Since the end of the cold war, entitlement programs have been the largest component of government spending. We are now entitled through a wide variety of programs to medical care, education, housing, food, and numerous other things, all of which amount to a guaranteed income even if we don’t call it by that name.
We should recognize that as Americans we have always had entitlements. Our first constitutional document, the Declaration of Independence, asserts that as Americans we are entitled to life, liberty, and the pursuit of happiness. Any entitlement must involve a corresponding obligation or duty. It is impossible for one person to have an entitlement without someone else having a duty.
The Declaration’s entitlement to life, liberty, and the pursuit of happiness allows each of us to use our talents and our property however we choose, while at the same time it obligates each of us to forbear from violating the equal entitlements of our fellows. What should be noted about this obligation is that it is negative and not positive. We are obligated to avoid interfering with the equal rights of others, but we are not obligated to perform positive acts for their benefit. For instance, we would be entitled to use our talents and whatever capital we could raise to open and operate a school. We could properly expect other people to forbear from interfering with our right to do so. At the same time, we would be obligated not to violate other people’s equal entitlements. We could not forcibly prevent other people also from opening schools. Nor could we force them to attend our school or to contribute to its financial support.
Nowhere in the Declaration’s formulation does one person’s entitlement entail the performance of a positive duty by someone else. Herbert Hoover’s call for “a chicken in every pot” represents a very different form of entitlement. One person can be guaranteed a chicken only if someone else is obligated to provide it. This form of entitlement entails the imposition of a positive duty. This duty could take the direct form of being compelled to provide chickens for other people. But more realistically it would take the indirect form of being taxed to finance the purchase of chickens that subsequently are given to those other people. The outcome is the same in either case, with one person’s entitlement imposing positive duties on other people.
Today our public discourse emphasizes the entitlement over the duty. This surely gives an unbalanced tone to public perceptions of the issues. To frame a question in terms of how much income people should be guaranteed places the focus on competing notions of what constitutes an adequate income or standard of living. Some people might have a more expansive notion of adequacy than others.

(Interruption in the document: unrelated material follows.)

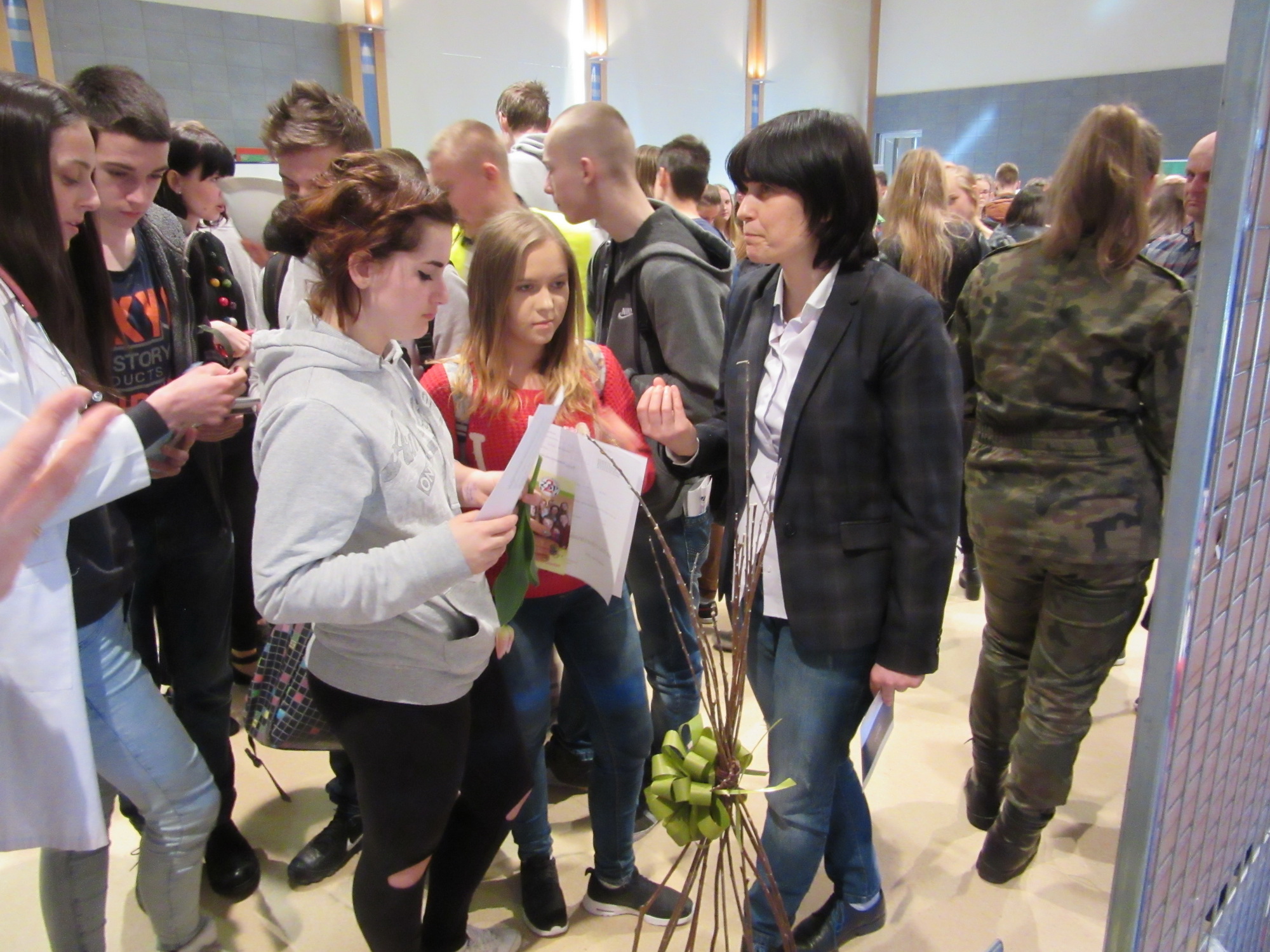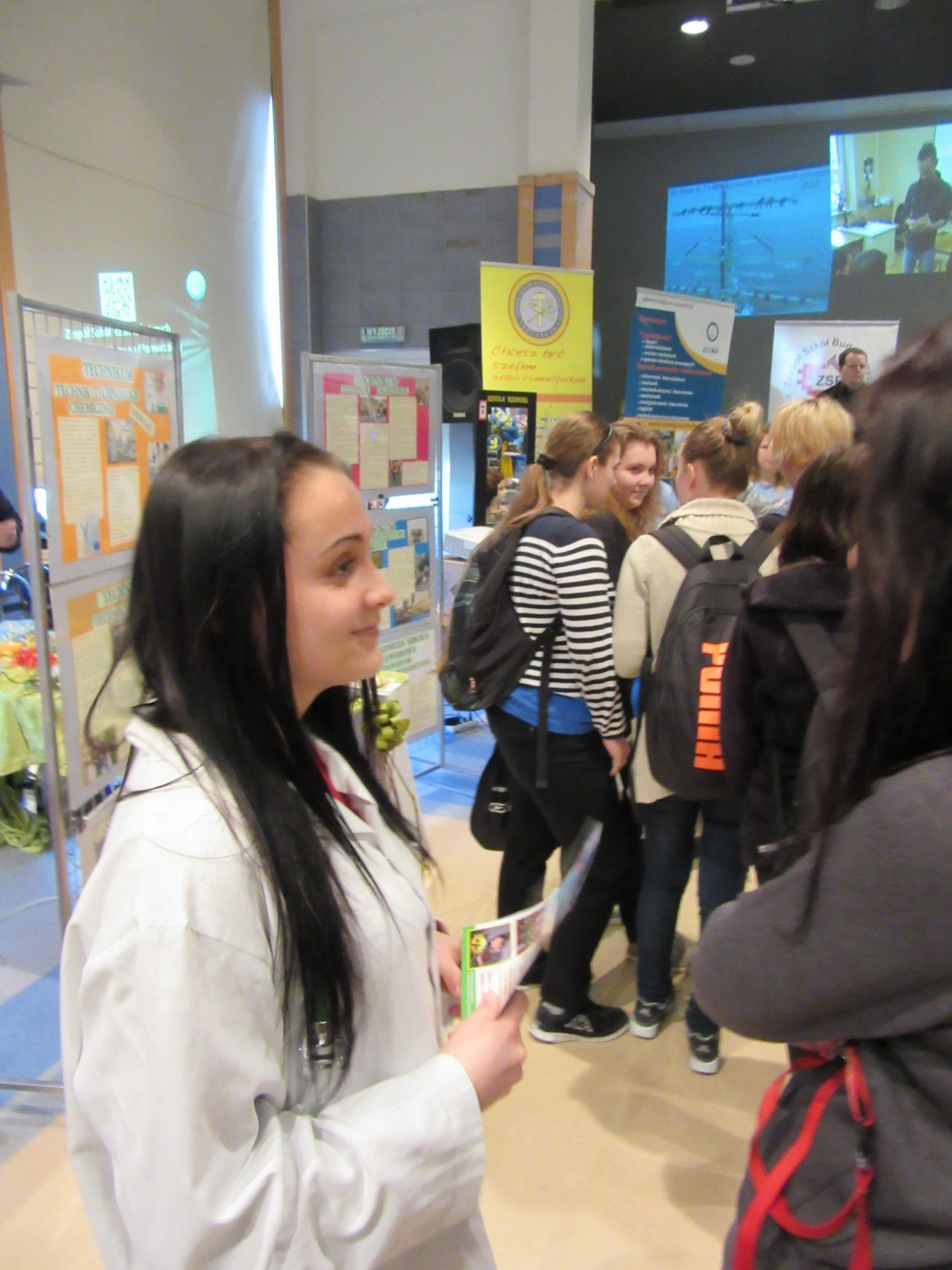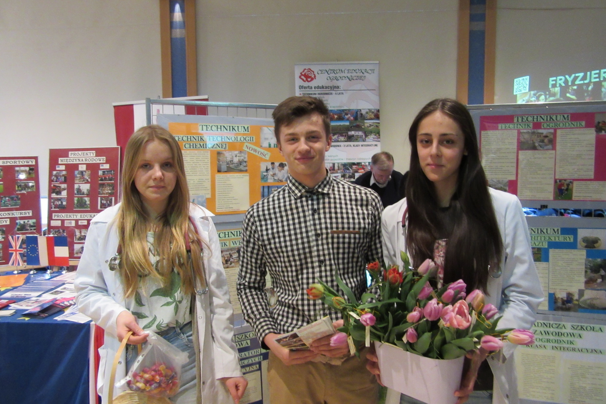 Stoisko oraz oferta edukacyjna naszej szkoły spotkała się z dużym zainteresowaniem. Młodzi ludzie zadawali wiele pytań dotyczących zawodów, a zwłaszcza pytali o praktyki, zajęcia praktyczne – gdzie są realizowane, czy szkoła je zapewnia oraz – czy po naszych kierunkach można znaleźć pracę. Wielu trzecioklasistów pytało także o nasz nowy kierunek – technik technologii chemicznej. Dużym wsparciem była młodzież, która opowiadała o szkole i zachęcała gimnazjalistów do kontynuowania nauki w naszej szkole. Prezentacja szkoły w formie multimedialnej – skierowana wyłącznie do uczniów gimnazjalnych klas trzecich – była uwieńczeniem promocji. Wierzymy, że poprzez wspólne działanie pomogliśmy młodym ludziom w wyborze ścieżki zawodowej.

This issue, however, could just as easily be framed in terms of duties. A guaranteed income is equivalent to a program of forced labor to make good on those guarantees. A public debate could well take place over how much forced labor should be imposed in the land of the free. To frame the issue in this manner would surely shift the terms of public discourse.
Entitlement programs are commonly characterized as forming a “safety net.” This term certainly cultivates a pleasant image. Among people who are striving to reach their potential, some may fall due to no fault of their own. If they do, the safety net breaks their falls and sends them on their ways again.
There is no doubt that people try in many ways to protect themselves against disruptive or calamitous events. The development of insurance is good testimony to the energy and creativity that people have brought to the search for such protection. Through insurance people can cover themselves against a variety of catastrophes ranging from accident or illness to the destruction of property. People can also create safety nets through saving, which can support them against unemployment and provide annuities for retirement. To be sure, a safety net is not created through individual effort alone. Everyone is born into a family, and families are valuable sources of support and instruction. So too are churches and a variety of associations and organizations that people create for mutual support. In any case, people will craft safety nets on their own without government.
In this respect, contemporary debates like that currently taking place over the future of social security are not just debates about post-retirement standards of living. They also concern the extent to which we will be governed by principles of liberty or by principles of servility. Our present approach to social security is grounded in servility. Alternatively, a system of individual retirement accounts would be grounded in liberty.